October 27, 2007

Decision Meta-Strategy

Schuman SculptureOn CNE, I blog about the new european health strategy. The good: it understands that health is important, that individualized health is coming and that we need to benchmark it. The bad: it doesn't get the strategic benefits of life extension, it focuses on politically correct issues and wants to force inclusion of health concerns into *every* policy everywhere.

I wonder about that last part. In an ideal world every decision would take into account every kind of consequence - the environmental, social, spiritual and economical effects of every little playground or software utility ought to be considered. It is rational to try to get the best outcome, and at the very least we ought to state what outcomes we are aiming at. But clearly it is impossible to assess all possible aspects: there is not only merely 24 hours in a day, we also lack the knowledge of how 1) the policy will actually be implemented, 2) how this implementation actually affects the world and 3) how we in the future will judge these effects. So we have to use a bounded rationality approach, where we look at the most likely effects that have the biggest or most certain consequences. It is essentially a search tree situation with a probabilistic adversary ("nature").

Adding new areas that ought to be assessed is essentially demanding that the search tree branch more strongly. That means that we will have less resources to do depth searches and should use robust heuristics, or simply go for satisficing. But the current administrative vision is that we should all be optimizing and use as much information as possible. How can that be avoided?

One approach would be to have the administrators bear the costs of the information demands they make. If the Commission wants to add another dimension to every policy, they need to give every policymaker affected an increased budget. While this might be nice if you are a bureaucrat, it sounds like a recipe for balooning bureaucracy.

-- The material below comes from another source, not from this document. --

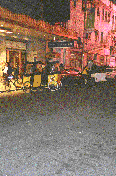 For tourists, riding the bicycle taxi is excellent. During normal traffic conditions, the bicycle taxi moves slower than a car, and it is wide open. So the tourists can get a good look at the city, and make excellent photos. From the back seat of a bicycle taxi, you can cock your head back and stare straight up at the mountainous skyscrapers. You feel as though you are at the bottom of a deep canyon, peering up to the sky. Rush hour lasts till about six thirty or seven, when Tomer shifts his attention to Times Square, where he picks up tourists and takes them sightseeing. Around eight or nine o’clock Tomer takes a break and eats dinner. He goes back to work at ten, when the theaters let out. “After the shows end, it is hard to get a taxi.” Tomer explains. “Besides, after seeing a great show, the people don’t want to go straight home. So they take a ride on the bicycle taxi, and watch the lights of Manhattan.”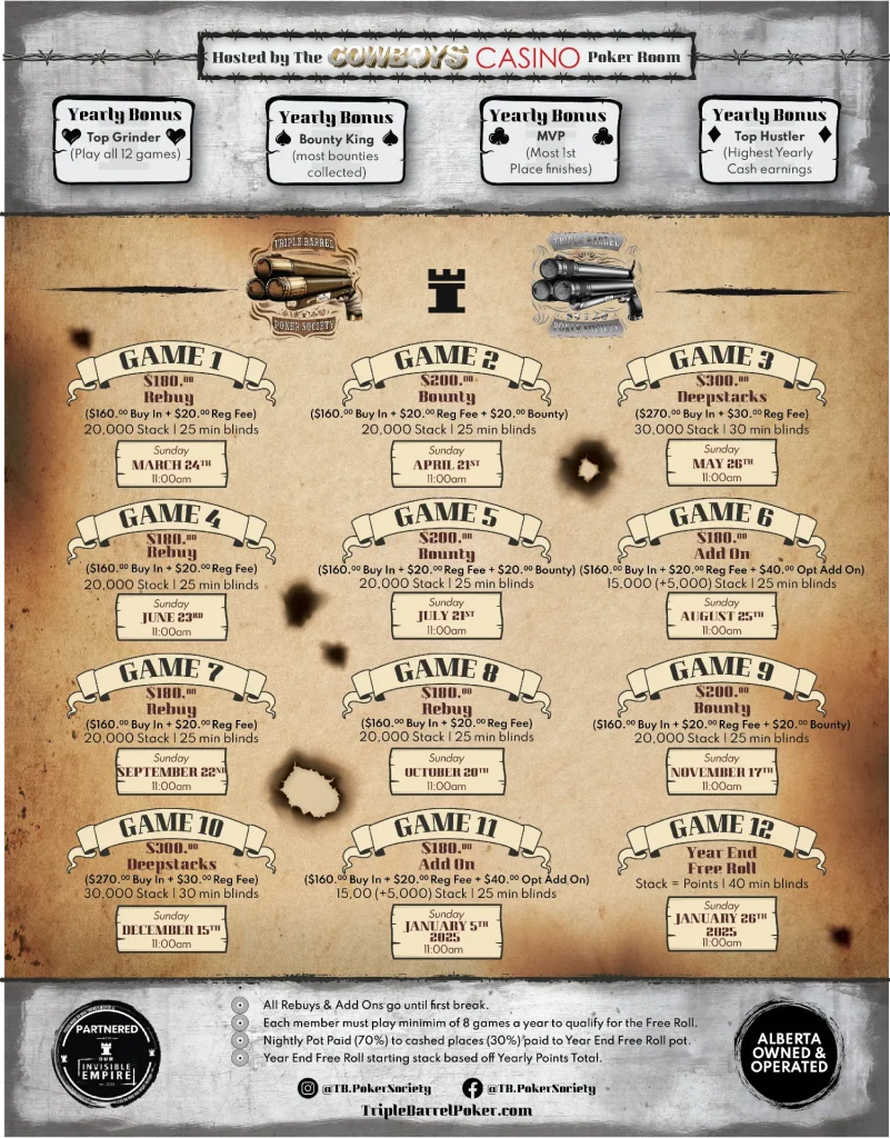 Welcome to Triple Barrel Poker Society – Alberta’s premier poker league. Created by players for players, we offer top-tier games, secure payouts, and a transparent leaderboard. Partnering with Cowboys Casino, we’re expanding Alberta’s poker scene with bigger prizes and unmatched experiences.

Another approach, which would also promote satisficing and finding better heuristics, is to make policymakers affected by the utility of their decisions. If it goes well, they get more money/resources, if they make stupid decisions they lose. Ideally, decisionmakers should be able to make a fortune (real money or political capital) from supporting a decision that turns out to be very good - and lose it if they also support bad or wasteful decisions. This would encourage rationality and accountability. To get it to work we need better follow-up, which is also good for transparency and as a basis for future decisionmaking. It may also be tricky to determine what constitutes a good result, and how to factor in external forces, as well as avoiding perverse incentives. But these issues can likely be solved; what we need from the start is the recognition that policymakers should get incentives to make better decisions, not just more decisions.